• _Recorded data_:
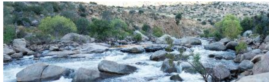
August 28, 2023: 719–829 cfs flow range
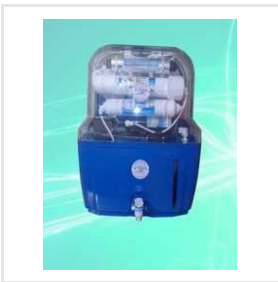
UV Water Purifier
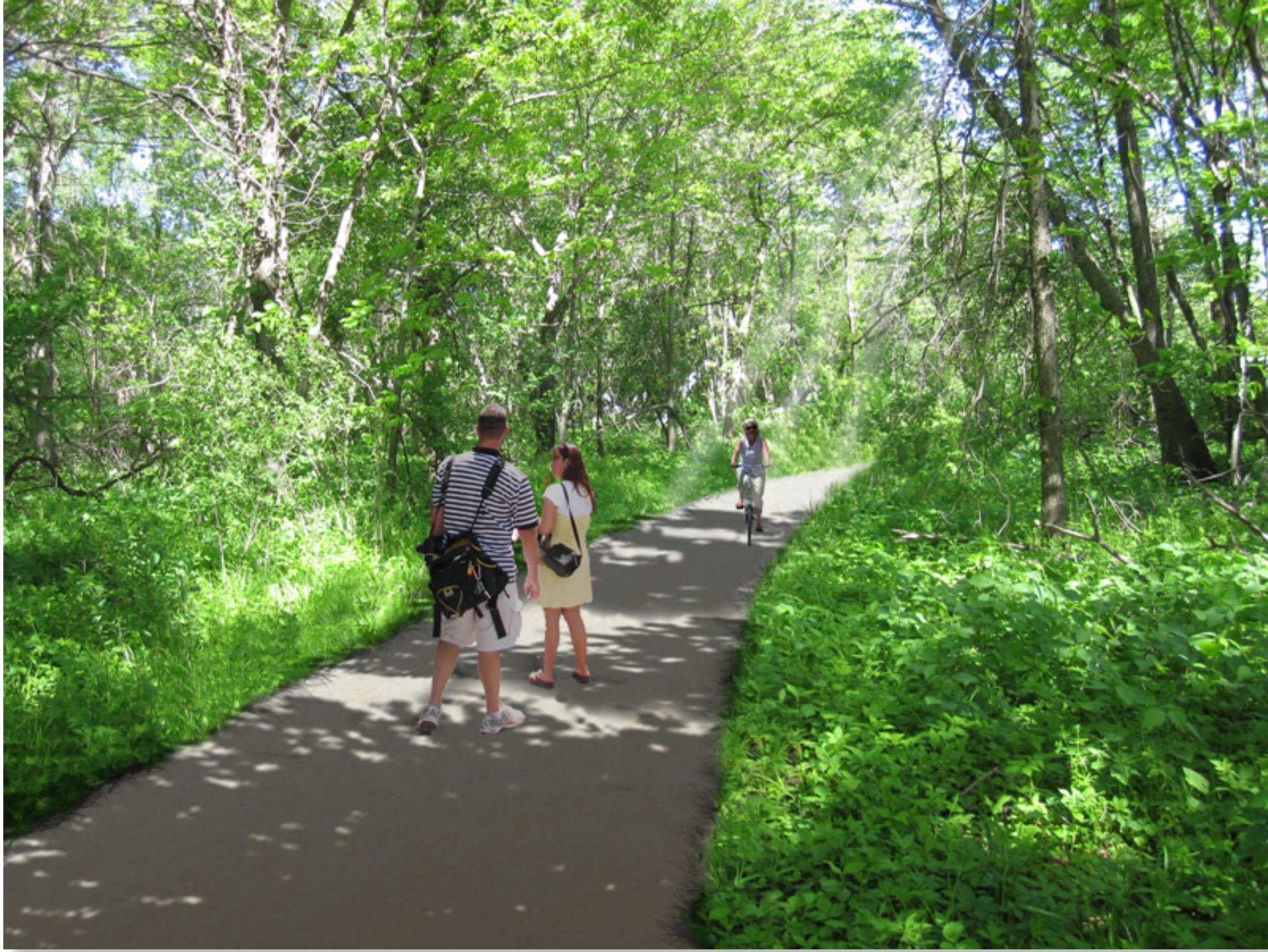
Proposed Sweet Water Trail

• _Exercise goal_:
Extract the full listing above verbatim; pictures are to be left out of the copy.

• _Response_:
August 28, 2023: 719–829 cfs flow range
UV Water Purifier
Proposed Sweet Water Trail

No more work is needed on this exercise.